Task description: Reproduce the listing word for word, leaving every picture behind.

Given entries:
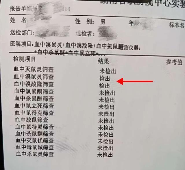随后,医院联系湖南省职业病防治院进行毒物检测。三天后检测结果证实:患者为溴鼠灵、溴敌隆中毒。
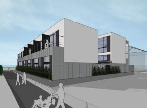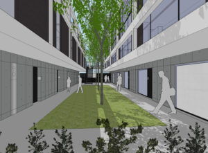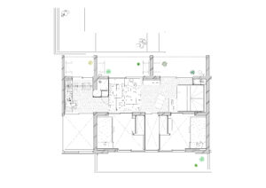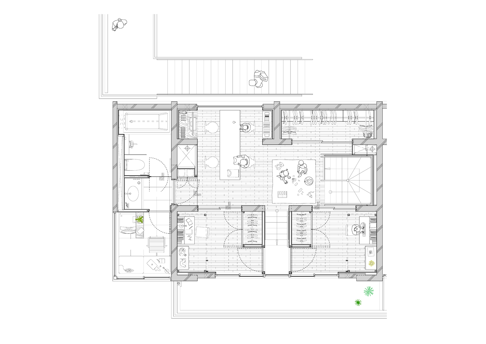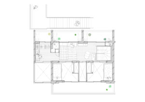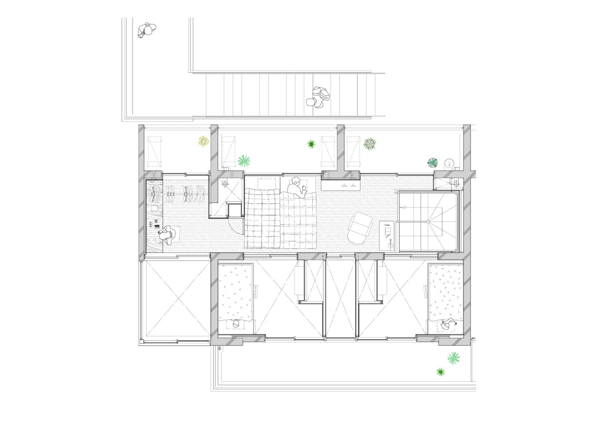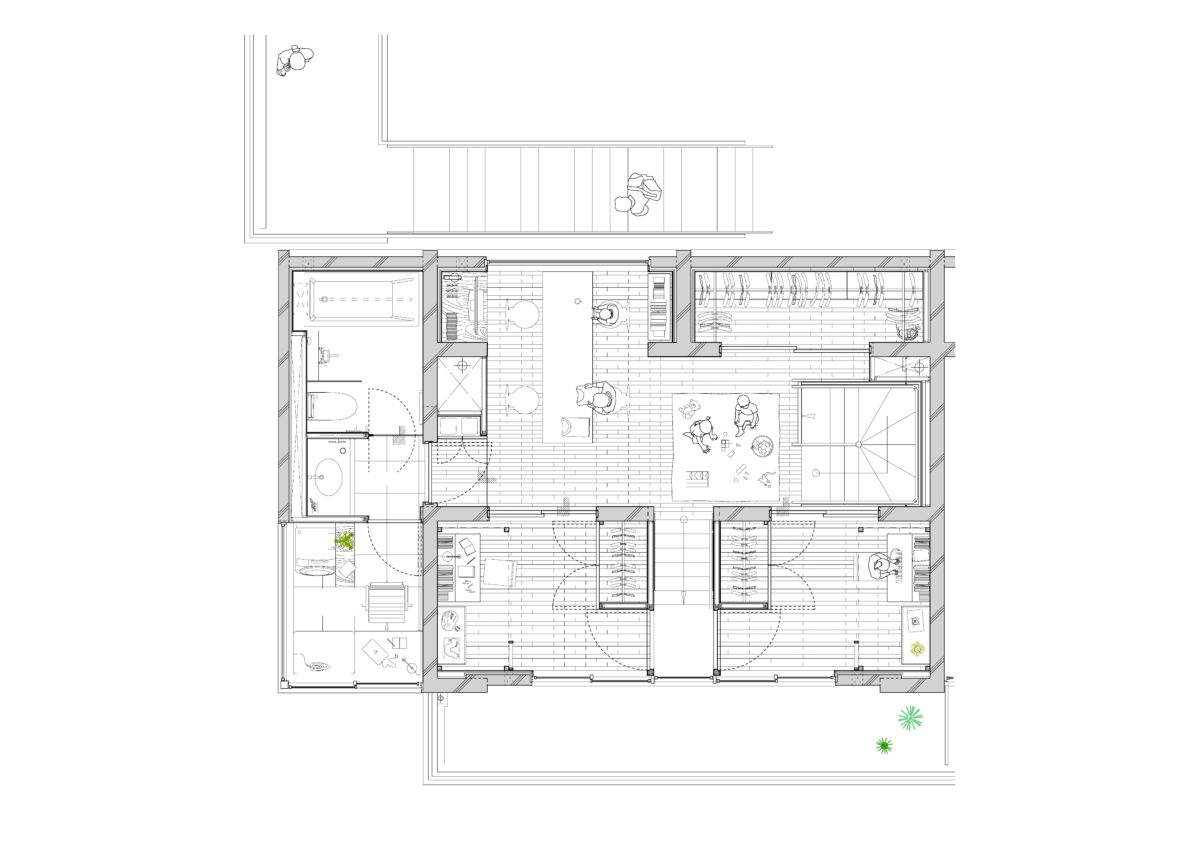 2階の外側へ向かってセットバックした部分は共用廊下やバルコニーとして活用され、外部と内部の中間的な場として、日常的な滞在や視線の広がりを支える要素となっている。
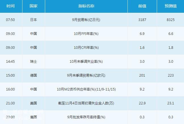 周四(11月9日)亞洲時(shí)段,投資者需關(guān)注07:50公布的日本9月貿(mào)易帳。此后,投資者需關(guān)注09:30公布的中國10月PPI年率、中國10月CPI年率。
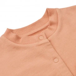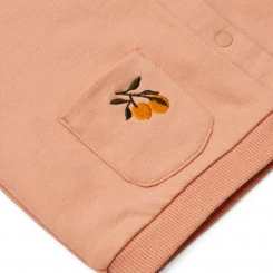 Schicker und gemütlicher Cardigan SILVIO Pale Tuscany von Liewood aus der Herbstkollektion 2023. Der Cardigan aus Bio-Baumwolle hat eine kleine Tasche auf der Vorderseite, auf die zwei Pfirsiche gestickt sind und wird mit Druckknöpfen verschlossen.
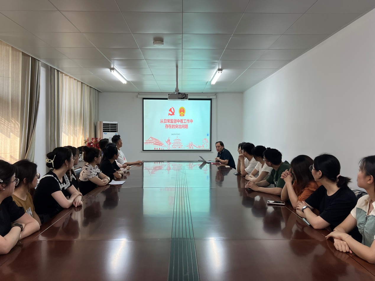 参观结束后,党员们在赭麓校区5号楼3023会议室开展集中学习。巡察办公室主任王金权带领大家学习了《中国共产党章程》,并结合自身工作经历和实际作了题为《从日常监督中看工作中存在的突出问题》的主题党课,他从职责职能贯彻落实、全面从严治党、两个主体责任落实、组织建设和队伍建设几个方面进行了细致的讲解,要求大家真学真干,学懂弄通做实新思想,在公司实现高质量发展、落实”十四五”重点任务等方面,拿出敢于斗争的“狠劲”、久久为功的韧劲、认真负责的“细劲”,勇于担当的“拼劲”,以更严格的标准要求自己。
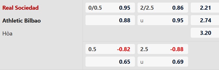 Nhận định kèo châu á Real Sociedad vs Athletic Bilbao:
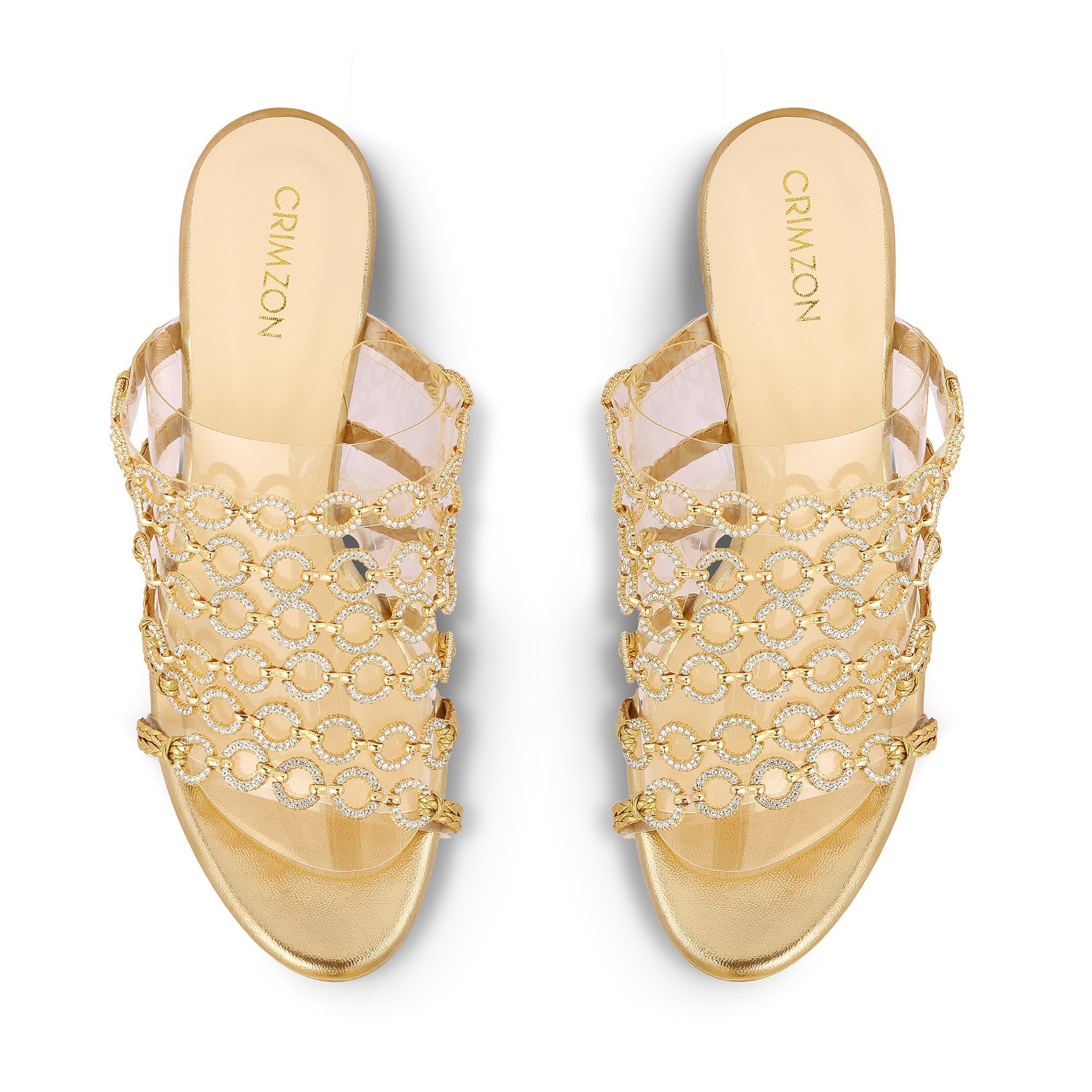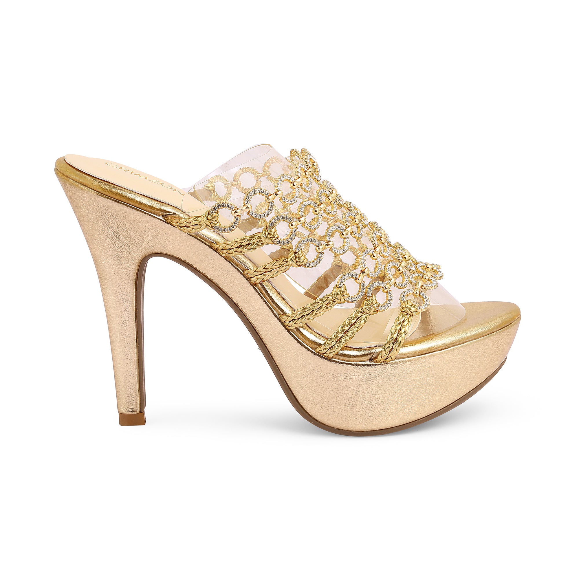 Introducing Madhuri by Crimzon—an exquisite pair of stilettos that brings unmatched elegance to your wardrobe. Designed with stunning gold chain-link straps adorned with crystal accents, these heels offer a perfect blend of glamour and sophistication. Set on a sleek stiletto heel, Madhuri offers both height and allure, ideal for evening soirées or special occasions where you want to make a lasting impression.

Output:
随后,医院联系湖南省职业病防治院进行毒物检测。三天后检测结果证实:患者为溴鼠灵、溴敌隆中毒。
 2階の外側へ向かってセットバックした部分は共用廊下やバルコニーとして活用され、外部と内部の中間的な場として、日常的な滞在や視線の広がりを支える要素となっている。
 周四(11月9日)亞洲時(shí)段,投資者需關(guān)注07:50公布的日本9月貿(mào)易帳。此后,投資者需關(guān)注09:30公布的中國10月PPI年率、中國10月CPI年率。
 Schicker und gemütlicher Cardigan SILVIO Pale Tuscany von Liewood aus der Herbstkollektion 2023. Der Cardigan aus Bio-Baumwolle hat eine kleine Tasche auf der Vorderseite, auf die zwei Pfirsiche gestickt sind und wird mit Druckknöpfen verschlossen.
 参观结束后,党员们在赭麓校区5号楼3023会议室开展集中学习。巡察办公室主任王金权带领大家学习了《中国共产党章程》,并结合自身工作经历和实际作了题为《从日常监督中看工作中存在的突出问题》的主题党课,他从职责职能贯彻落实、全面从严治党、两个主体责任落实、组织建设和队伍建设几个方面进行了细致的讲解,要求大家真学真干,学懂弄通做实新思想,在公司实现高质量发展、落实”十四五”重点任务等方面,拿出敢于斗争的“狠劲”、久久为功的韧劲、认真负责的“细劲”,勇于担当的“拼劲”,以更严格的标准要求自己。
 Nhận định kèo châu á Real Sociedad vs Athletic Bilbao:
 Introducing Madhuri by Crimzon—an exquisite pair of stilettos that brings unmatched elegance to your wardrobe. Designed with stunning gold chain-link straps adorned with crystal accents, these heels offer a perfect blend of glamour and sophistication. Set on a sleek stiletto heel, Madhuri offers both height and allure, ideal for evening soirées or special occasions where you want to make a lasting impression.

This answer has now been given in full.